Why Wi-Fi? Why like that?
Published: 10 April 2002 16:45 BST
It's not easy being BT. One minute they're a bunch of incompetent fools who are threatening to turn the UK into a Third World country with their dithering and dissimulation.
Next minute they're just too damn good, stomping on the delicate flowers of competition and private enterprise with a Soviet-era zeal for state monopoly provision.
The queue of companies lining up to have a go at BT for one kind of monopolistic behaviour or other is getting quite long - Bulldog Communications, Freeserve and Cable and Wireless have already put a public boot into the beloved incumbent and more are sure to come.
Yesterday they forced the access-focused ISPs to fundamentally re-evaluate their business models, if not take an early bath.
And today we get an announcement from BT that it's going to roll out 4,000 wireless hotspots across the UK - in essence killing a market months before the Radiocommunications Agency has even wished it into life.
OK, wireless LAN (802.11b) access isn't going to be the most sensational business in the world. BT reckons it might make £30m from it in the 2004/5 financial year.
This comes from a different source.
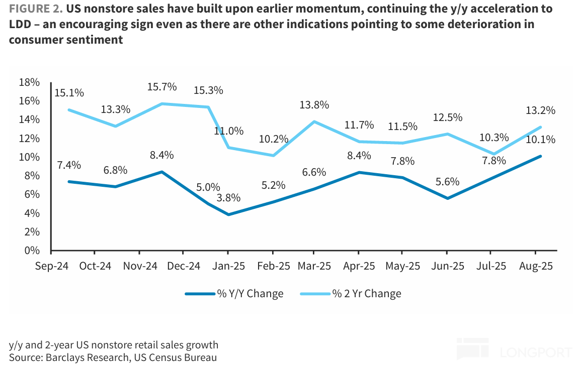 根据美国统计局,6 月以来可见美国无门店销售增长在持续改善,可见目前北美的线上消费还是坚韧的,和亚马逊的数据趋势一致。

But in the US, this is an area that belongs to start-ups with cute names like Boingo and MobileStar. But who now will compete with BT, which has the infrastructure to roll the service out almost for free, and has customers, a brand name and a big head start? No one, that's who.
Should we care? If the service gets rolled out quickly, that's all that matters. Isn't it?
Well, BT is concentrating on the corporate market. Easier to sell to, nice big accounts, not too price sensitive. So what about the consumers? Or small businesses and sole traders? Well, in a monopoly situation, they can all go hang.
The BT high-up that silicon.com put this question to seemed rather irritated to be asked about the fate of Joe Public in BT's new wireless world.